High-Rise is an analysis of complete social collapse within a self-contained and advanced luxury apartment complex. The strata of floors separate the tenets into three classes, yet all are wealthy enough to afford an apartment in the first place. The novel splits it's time between three different perspectives, one for each class. High-Rise begins with the last apartment being filled, as nearly everybody in the building is partying. Already there is friction between individuals, but it's minor, hardly something out of the ordinary in everyday life. The intensity of this friction ramps up over the chapters, as it seems to the characters that everybody is just waiting for an excuse, waiting for a mistake, to unleash their pent up id.

Ballard paints the scene of the tower so vividly; the slowly crumbling infrastructure and services that incite stress, and then the subsequent piles of refuse in the hallways, ubiquitous crass graffiti on the walls, makeshift furniture blockades in stairwells, entire floors completely devoid of electricity and running water. The tenets can leave the ever growing hellhole, but they begin to choose not to, choosing instead to wallow in their own filth and decay. I can picture it clearly because Ballard spends so much time detailing it. Yet I also think that he repeats the same examples a bit too frequently. I wish that he had been less reliant on the same motifs over and over again, even though those motifs are well drawn. It's also a disturbingly gruesome book that has scenes that left me revolted.
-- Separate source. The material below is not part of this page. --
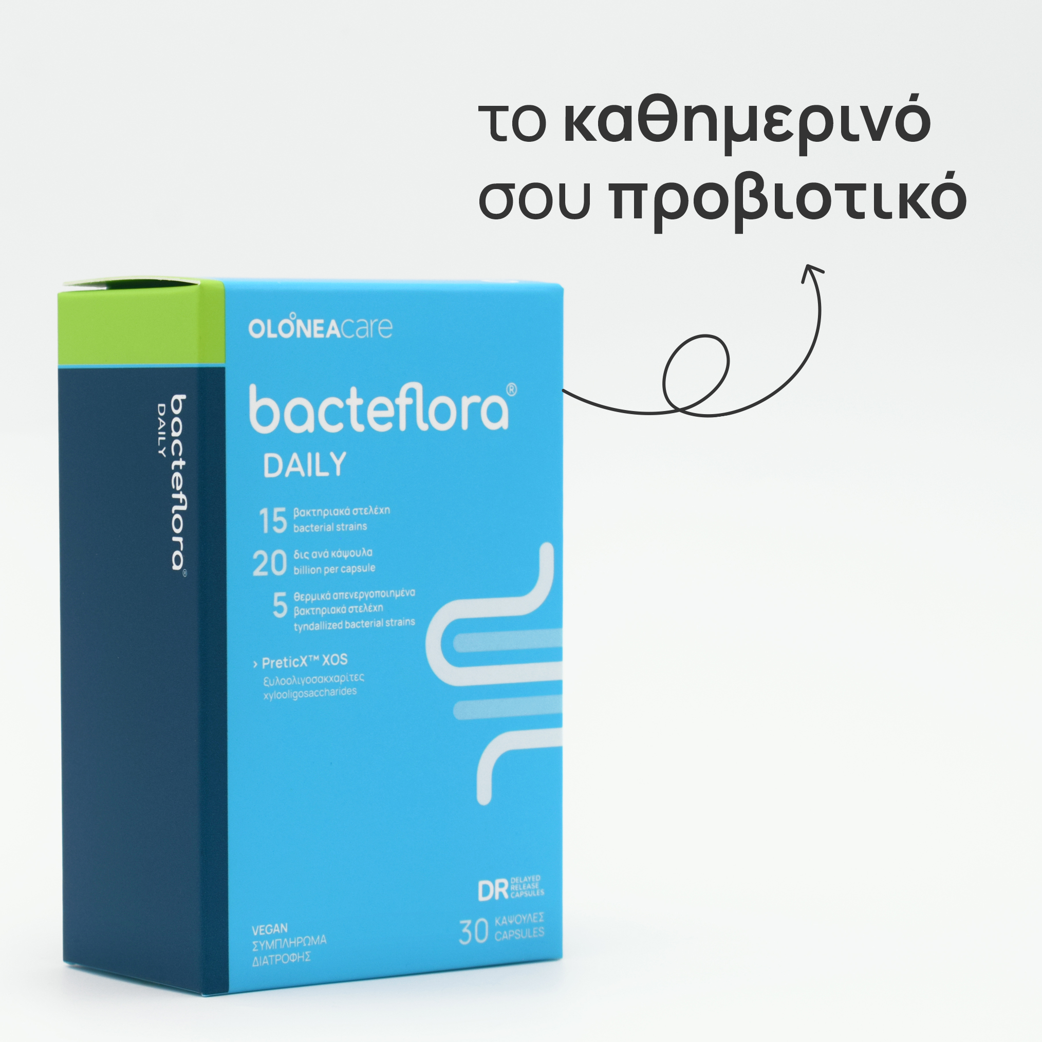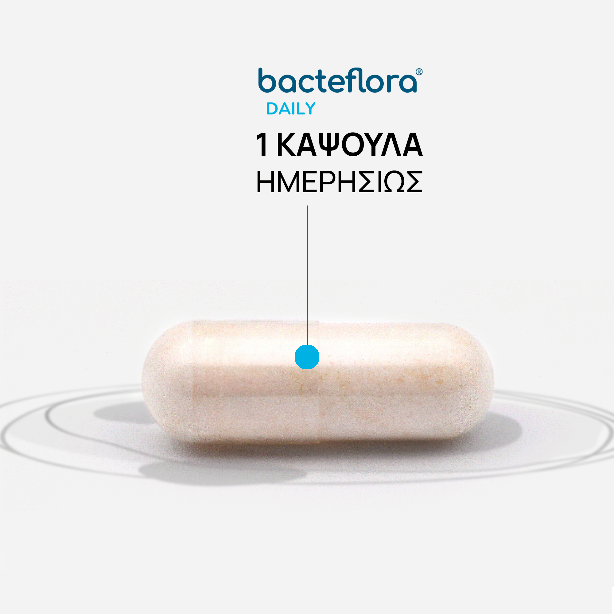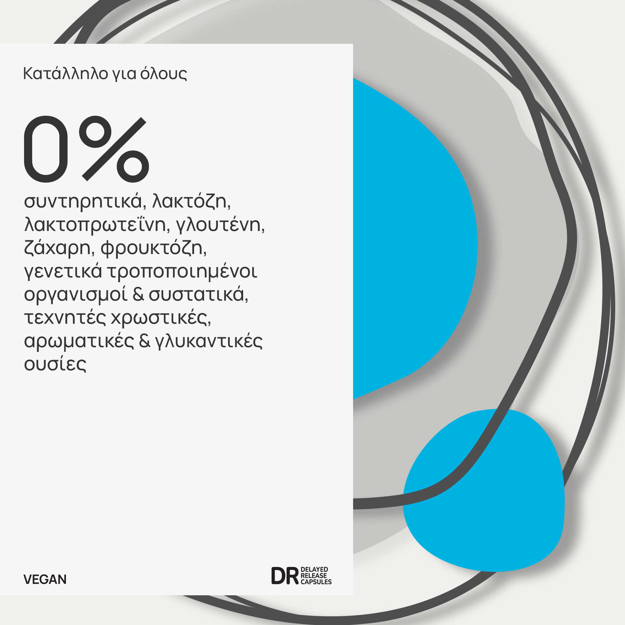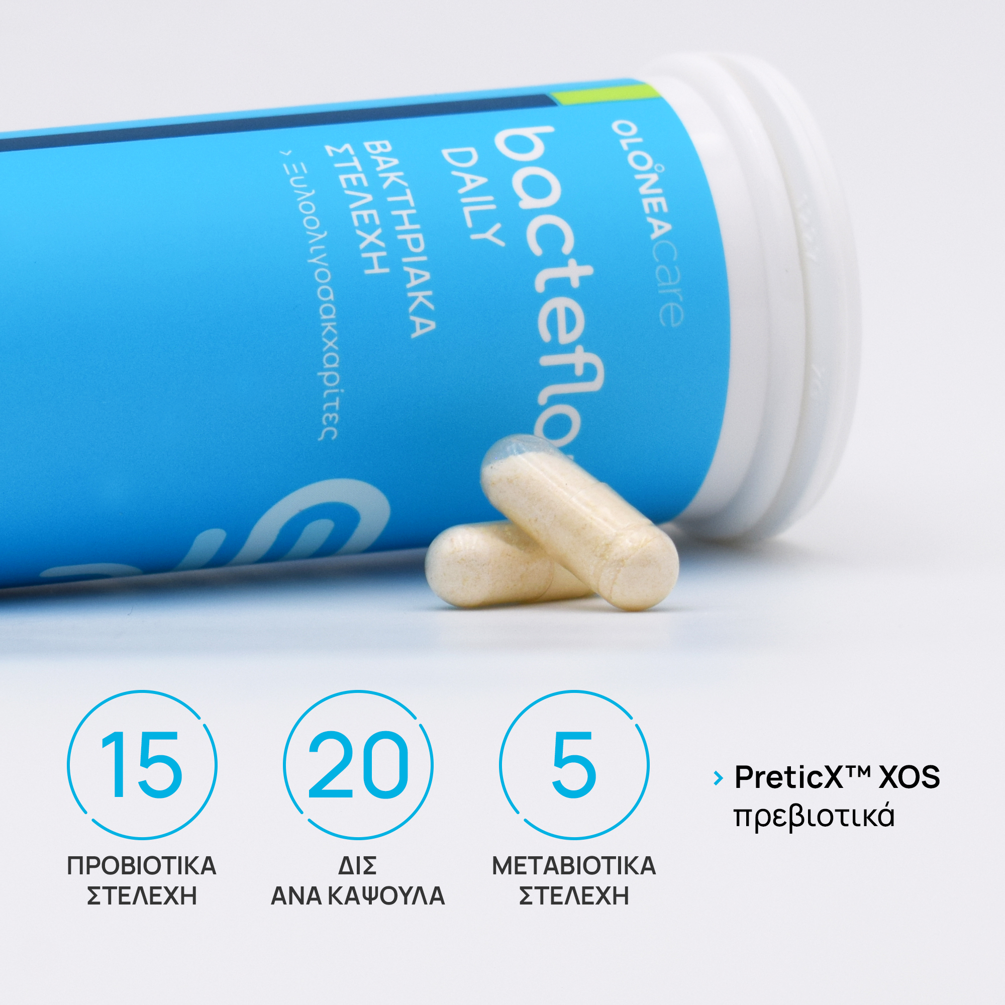 Συμπλήρωμα διατροφής με 15 στελέχη προβιοτικών, 20 δις ανά κάψουλα, πρεβιοτικά ξυλοολιγοσακχαρίτες PreticX™ και 5 μεταβιοτικά στελέχη.

The tension and pacing is stunning. The escalation of violence is perfectly slow, to the point that you can't quite tell which event was the defining line between an outlier, and something that started the collapse. Ballard has excellent endings to chapters that are memorable moments looking back and were thrilling increases in tension that left me dying to read on. The prose is similarly strong, making for something that is both extremely readable without lacking style or depth.

The pacing is good in spite of Ballard's proclivity to lengthy bouts of metaphor and symbolism. Everything in High-Rise is seemingly a metaphor. Of course the book deals with social class and status, but it goes much deeper than that. The role of the structure that supports hierarchy in the oppression of lower classes, the ability to control our base instincts, tribalism, consumerism, and masochism to name a few. What Ballard really nailed was the quietly simmering violent tension that sometimes grows when there's an erosion of any sense of commons between people. That feeling of waiting for something to happen, something that you know will happen, and preparing yourself for it.

High-Rise is extremely memorable in a gnawing way that I see sticking in bits of my mind for a long time. One thing I can see is that it's certainly not for everyone. It's an acquired taste for sure, but I happen to like it a lot.